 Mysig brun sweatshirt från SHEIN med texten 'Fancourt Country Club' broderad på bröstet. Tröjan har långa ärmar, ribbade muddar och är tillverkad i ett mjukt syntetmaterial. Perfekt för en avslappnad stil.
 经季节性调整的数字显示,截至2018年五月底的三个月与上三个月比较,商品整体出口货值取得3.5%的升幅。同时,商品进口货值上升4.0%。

━━━━━━━━━━

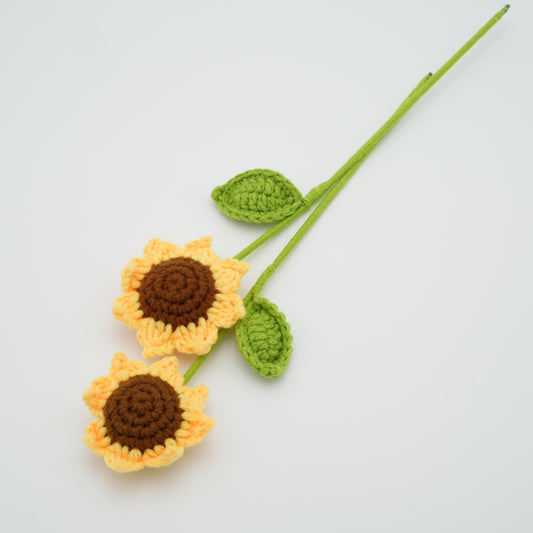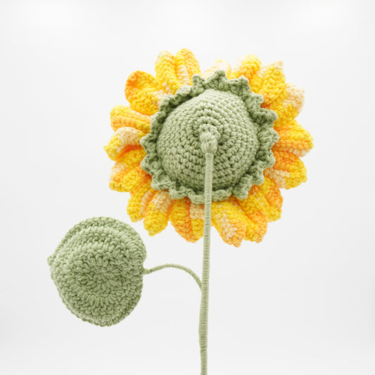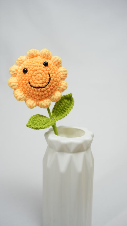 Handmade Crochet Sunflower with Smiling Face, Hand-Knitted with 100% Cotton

━━━━━━━━━━

◆ **EXERCISE OBJECTIVE**: Return only the part of the records above that opens with the line containing "Mysig brun sweatshirt" and closes with the line containing "经季节性调整的数字显示,截至", ends included.

◆ **RESPONSE AREA**:
 Mysig brun sweatshirt från SHEIN med texten 'Fancourt Country Club' broderad på bröstet. Tröjan har långa ärmar, ribbade muddar och är tillverkad i ett mjukt syntetmaterial. Perfekt för en avslappnad stil.
 经季节性调整的数字显示,截至2018年五月底的三个月与上三个月比较,商品整体出口货值取得3.5%的升幅。同时,商品进口货值上升4.0%。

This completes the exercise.